When I began to have the courage to speak up about the abusive marriage I was in, I was often asked by others "why don't you just leave?" The truth is I did on three separate occasions before I finally left for good. There are a myriad of reasons why the abused stay in abusive relationships. On the list here http://www.domesticviolenceroundtable.org/abuse-victims-stay.html outlines the motives for staying rather than leaving. For me, it was the attachment I had to this man who was also my children's father. I had come from a divorced home and did not want my son to grow up without his father. I also believed he would change. After all his mother told me, "just turn the other cheek" when he would do something I felt were abusive. But as time went by, I thought if I did leave, where would I go? I had talked to my mother several times about my situation. She was unsupportive and unwilling to take my son and I in. Over and over again, she said, "you made your bed, now lie in it." If I did not have my mother to turn to, where else were we going to go? It was not like I had a well-paying job that would have afforded me to find an apartment on my own. At the time, there were also few to no shelters available to people in my situation. I was a mother with a child with disabilities who also happened to be a boy. Right away that immediately prevented entry. Last but not least, I risked losing my surviving child to the state as if there was any hint of domestic violence, child protective services were mandated to remove children. Eventually, I just accepted that it was better to stay then fight what was bigger than me but it did not stop from trying.

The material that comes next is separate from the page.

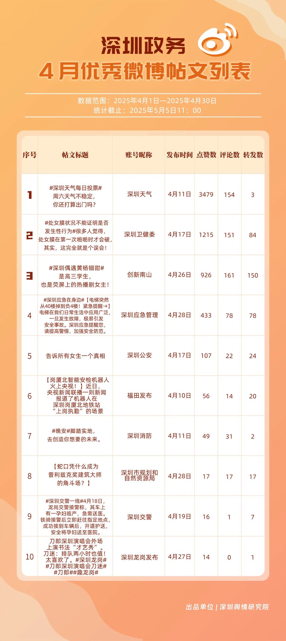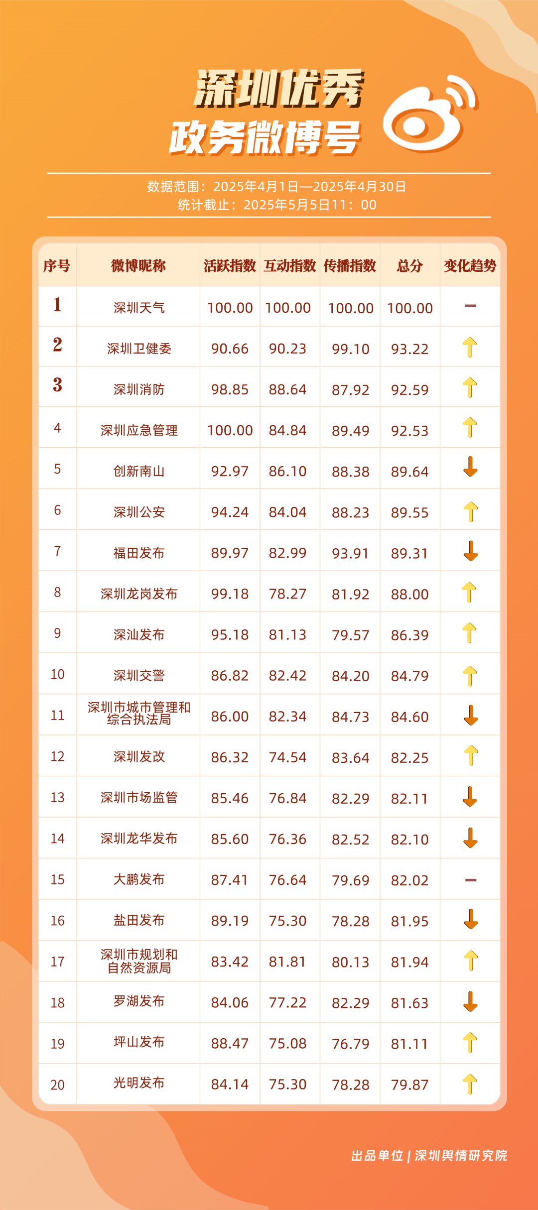 4月,“深圳天气”“深圳卫健委”“深圳消防”“深圳应急管理”“创新南山”“深圳公安”“福田发布”“深圳龙岗发布”“深汕发布”“深圳交警”等20个账号入选“优秀政务微博号”。值得一提的是,“深圳天气”在多个指标中获得满分,其气象信息的趣味性和实用性受到市民认可;“深圳卫健委”“深圳消防”“深圳应急管理”也在信息传播、互动服务等方面持续发力,以超过90分的总分紧跟其后;“深汕发布”“深圳交警”相较于3月在榜单排名有所提升,展现出强劲的发展势头。这些优秀政务微博号的脱颖而出,不仅体现了各自的运营实力,更反映出深圳政务新媒体在微博平台的蓬勃发展态势。
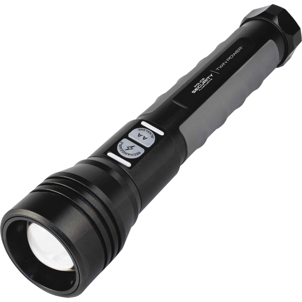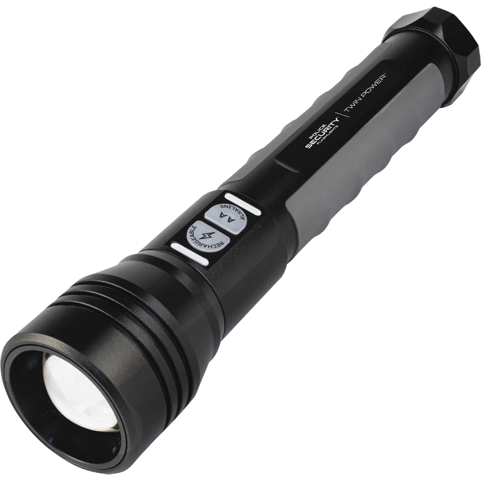 Police security's twin power flashlight is a groundbreaking, patent-pending, ultra-bright 2000 lumen flashlight that redefines traditional dual power flashlights.Unlike dual power, which requires two separate battery cartridges, the twin power flashlight operates seamlessly with a single cartridge.The cartridge holds a built-in 21700 rechargeable battery for primary power, and 3aa alkaline batteries for backup.With this innovative design, you'll never face the dilemma of drained power.Simply toggle...View more

We had just gotten a computer with the internet. The research skills I acquired as a reporter during high school came in handy. I began to search for help outside of my state. I hit upon a shelter run by the Sisters of Mercy for women and children. After speaking with the director of the program, I made plans to leave my job and within days we did.
My son and I stayed there for about a month with the hopes I would find a job and an apartment. Unfortunately finding a job in this area was difficult as one needed a car (I don't drive) to get to most places out of the area and I did not have child care. Through the shelter staff, I was able to get a subsidized apartment that required some type of income. I had no choice but to apply for public assistance. When abuser found out I did this, I received a phone call from him pleading with me. "If you take me to court for child support, I will kill myself. Come back home now!" I believed him as he had an uncle who actually committed suicide some years before we were together. I waited a few days before I repacked our bags and boarded the bus back home.
Though he promised, things at home did not change as he had promised they would. Instead of finding a job, he suggested that we live on public assistance to support ourselves until one us found employment. Somehow he convinced me that I was better suited to find work as he said, "you're the smarter one. The one with more experience." Once again I had believed him as it was true I was the one already supporting us for years before I left. As for being the "smarter one," I let you decide that one. :0)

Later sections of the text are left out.